Relevant sample: SingleCounter - (XAML views and F# core)

One-way bindings are used when you want to bind to a simple value.

In the counter example mentioned previously, the binding to the counter value is a one-way binding:

"CounterValue" |> Binding.oneWay (fun m -> m.Count)

In XAML, the binding can look like this:

<TextBlock Text="{Binding CounterValue, StringFormat='Counter value: {0}'}" />

A one-way binding simply accepts a function get: 'model -> 'a that retrieves the value to be displayed.

Binding to option-wrapped values

In F#, it’s common to model missing values using the Option type. However, WPF uses null and doesn’t know how to handle the F# Option type. You could simply convert from Option to null (or Nullable<_>) in the get function using Option.toObj (or Option.toNullable), but this is such a common scenario that Elmish.WPF has a variant of the one-way binding called oneWayOpt with this behavior built-in. The oneWayOpt binding accepts a function get: 'model -> 'a option. If it returns None, the UI will receive null. If it returns Some, the UI will receive the inner value.

Two-way bindings

Relevant sample: SingleCounter - (XAML views and F# core)

Two-way bindings are commonly used for any kind of input (textboxes, checkboxes, sliders, etc.). The two-way bindings accept two functions: A function get: 'model -> 'a just like the one-way binding, and a function set: 'a -> 'model -> 'msg that accepts the UI value to be set and the current model, and returns the message to be dispatched.

In the counter example above, the two-way binding to the slider value may look like this:

"StepSize" |> Binding.twoWay(
  (fun m -> float m.StepSize),
  (fun v m -> SetStepSize (int v))
)

The corresponding XAML may look like this:

<Slider
  Value="{Binding StepSize}"
  TickFrequency="1"
  Minimum="1"
  Maximum="10"
  IsSnapToTickEnabled="True" />

The WPF slider’s value is a float, but in the model we use an int.
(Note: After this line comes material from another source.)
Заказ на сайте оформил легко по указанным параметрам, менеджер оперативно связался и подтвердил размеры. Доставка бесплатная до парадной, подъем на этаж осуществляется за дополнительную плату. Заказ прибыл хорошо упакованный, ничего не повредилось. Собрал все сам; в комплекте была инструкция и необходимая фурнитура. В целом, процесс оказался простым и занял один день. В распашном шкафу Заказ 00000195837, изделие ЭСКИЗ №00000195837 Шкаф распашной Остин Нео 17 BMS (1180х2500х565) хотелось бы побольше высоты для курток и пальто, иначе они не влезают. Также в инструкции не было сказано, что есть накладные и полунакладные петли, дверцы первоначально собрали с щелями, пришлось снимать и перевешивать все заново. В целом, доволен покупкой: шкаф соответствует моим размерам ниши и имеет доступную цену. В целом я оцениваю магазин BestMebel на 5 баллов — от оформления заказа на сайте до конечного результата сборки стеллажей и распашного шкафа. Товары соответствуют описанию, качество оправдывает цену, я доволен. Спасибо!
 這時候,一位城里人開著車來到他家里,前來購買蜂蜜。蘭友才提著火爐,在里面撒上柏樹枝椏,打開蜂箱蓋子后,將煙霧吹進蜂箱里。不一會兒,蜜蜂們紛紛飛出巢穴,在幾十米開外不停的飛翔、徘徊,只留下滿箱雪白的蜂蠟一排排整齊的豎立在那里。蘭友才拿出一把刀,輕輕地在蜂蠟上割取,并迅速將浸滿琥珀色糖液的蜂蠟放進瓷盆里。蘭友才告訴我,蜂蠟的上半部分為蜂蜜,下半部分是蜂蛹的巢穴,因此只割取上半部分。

Therefore the binding’s get function must convert the model’s integer to a float, and conversely, the binding’s “setter” must convert the UI value from a float to an int.

You might think that the get function doesn’t have to cast to float. However, 'a is the same in both get and set, and if you return int in get, then Elmish.WPF expects the value coming from the UI (which is obj) to also be int, and will try to unbox it to int when being set. Since it actually is a float, this will fail.
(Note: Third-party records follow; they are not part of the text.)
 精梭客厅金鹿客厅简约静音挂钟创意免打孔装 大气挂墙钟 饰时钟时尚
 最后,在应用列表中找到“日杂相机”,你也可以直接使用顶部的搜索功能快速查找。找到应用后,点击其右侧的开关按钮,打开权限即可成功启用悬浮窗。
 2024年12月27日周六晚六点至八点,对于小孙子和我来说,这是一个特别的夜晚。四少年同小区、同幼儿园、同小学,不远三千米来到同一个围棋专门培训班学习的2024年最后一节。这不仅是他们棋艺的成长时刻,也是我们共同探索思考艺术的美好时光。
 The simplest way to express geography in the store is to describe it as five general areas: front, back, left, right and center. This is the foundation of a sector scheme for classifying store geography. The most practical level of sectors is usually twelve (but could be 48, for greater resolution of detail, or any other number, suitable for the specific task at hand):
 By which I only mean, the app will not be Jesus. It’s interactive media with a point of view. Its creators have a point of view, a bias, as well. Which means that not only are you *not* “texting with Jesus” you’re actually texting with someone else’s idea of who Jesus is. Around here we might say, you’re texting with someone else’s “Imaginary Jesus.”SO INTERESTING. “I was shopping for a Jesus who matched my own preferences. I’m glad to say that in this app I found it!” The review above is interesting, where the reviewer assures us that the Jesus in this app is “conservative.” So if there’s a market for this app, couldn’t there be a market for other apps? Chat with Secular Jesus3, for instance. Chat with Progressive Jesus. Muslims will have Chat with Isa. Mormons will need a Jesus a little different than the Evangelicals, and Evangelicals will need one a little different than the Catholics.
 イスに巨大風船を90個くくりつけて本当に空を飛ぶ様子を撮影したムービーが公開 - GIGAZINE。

It’s common for the set function to rely only on the value to be set, not on the model. Therefore, the two-way binding also has an overload where the set function accepts only the value, not the model. This allows a more shorthand notation:

"StepSize" |> Binding.twoWay(
  (fun m -> float m.StepSize),
  (int >> SetStepSize)
)

Binding to option-wrapped values

Just like one-way bindings, there is a variant of the two-way binding for option-wrapped values. The option wrapping is used in both get and set. Elmish.WPF will convert both ways between a possibly null raw value and an option-wrapped value.

Using validation with two-way bindings

Relevant sample: Validation - (XAML views and F# core)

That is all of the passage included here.